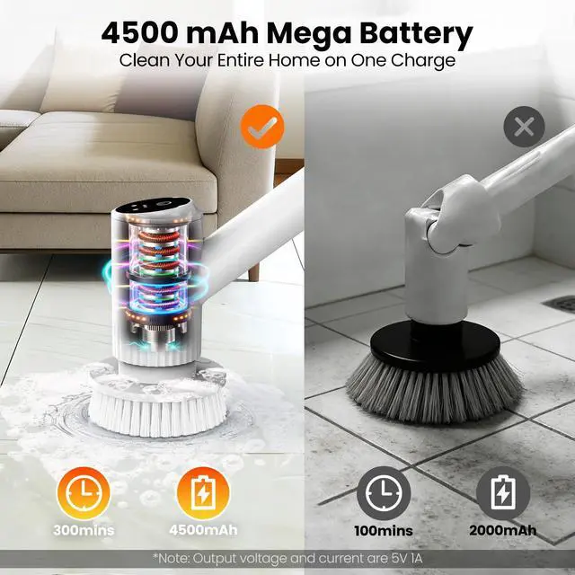 ONE CHARGE CLEANS YOUR ENTIRE HOUSE: Forget weak batteries that die halfway through the kitchen. This powerhouse packs a 4500mAh battery that runs for 5 hours straightenough to scrub every bathroom, floor, and tile in your home. When it finally needs juice, the USB-C port charges just like your phone. No bulky chargers. No waiting.
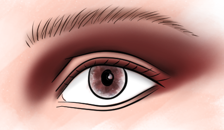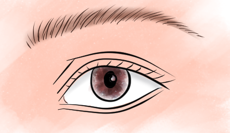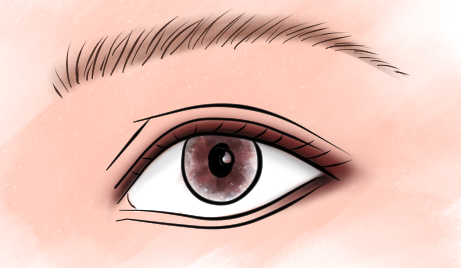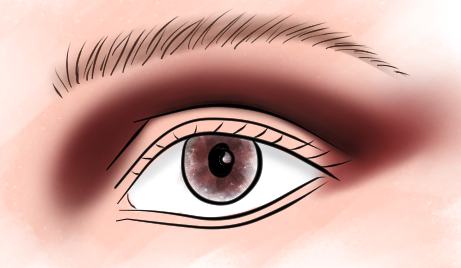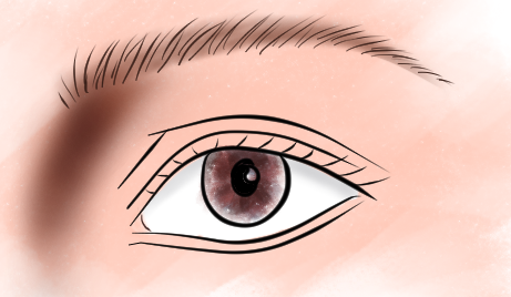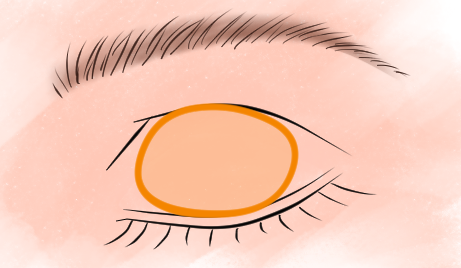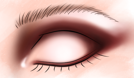 まぶた(眼球)の膨らみのハイライトを囲むようにあるくぼんだ部分がシャドーになります。
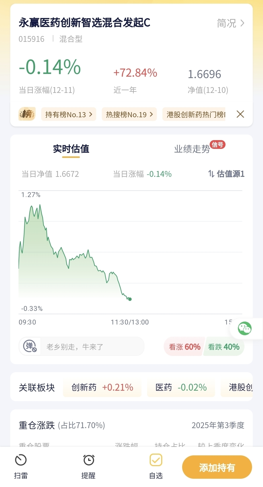 医药板块今天表现一般般,这只基金跟着小跌了点,跌幅不算大,主要是医药创新方向暂时没什么利好消息带动,资金关注度也不高,所以就小幅往下走了走。
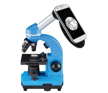 Максимум збільшення і нові яскраві кольори виділяють мікроскопи Bresser Biolux SEL з маси інших мікроскопів. Bresser Biolux SEL 40x-1600x Blue (смартфон-адаптер) - це добре укомплектована модель бюджетного мікроскопа, забезпечена широким набором аксесуарів, а також адаптером планшета або смартфона, який забезпечить зйомку результатів спостережень за допомогою камери Вашого портативного пристрою, або спостереження зразка з дисплея пристрою у реальному часі. Таким чином мікроскоп безумовно буде цікавий і дітям і підліткам.
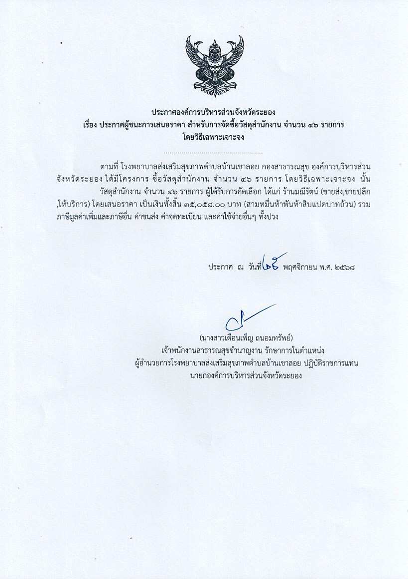 ประกาศผู้ชนะการเสนอราคา สำหรับการจัดซื้อวัสดุสำนักงาน จำนวน 46 รายการ โดยวิธีเฉพาะเจาะจง
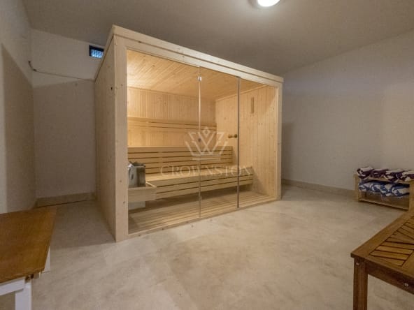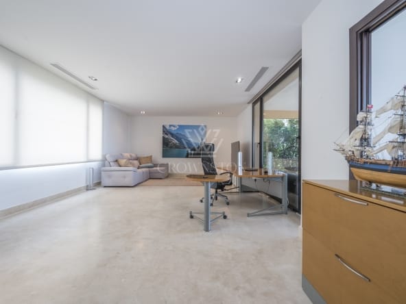 La planta inferior alberga una versátil sala diáfana concebida como espacio de bienestar y lectura, en la que actualmente se integran una biblioteca, zonas de fitness y yoga, sauna seca, sala de masajes y un cuarto de baño completo. Desde este nivel se accede directamente a los cuidados jardines y a la piscina exterior, lo que refuerza su carácter de oasis privado.
⁂
__ASSIGNMENT__.
Reproduce the data above word for word from its first line through the line that holds "医药板块今天表现一般般,这只", both ends included; skip pictures.

__RESPONSE AREA__.
 ONE CHARGE CLEANS YOUR ENTIRE HOUSE: Forget weak batteries that die halfway through the kitchen. This powerhouse packs a 4500mAh battery that runs for 5 hours straightenough to scrub every bathroom, floor, and tile in your home. When it finally needs juice, the USB-C port charges just like your phone. No bulky chargers. No waiting.
 まぶた(眼球)の膨らみのハイライトを囲むようにあるくぼんだ部分がシャドーになります。
 医药板块今天表现一般般,这只基金跟着小跌了点,跌幅不算大,主要是医药创新方向暂时没什么利好消息带动,资金关注度也不高,所以就小幅往下走了走。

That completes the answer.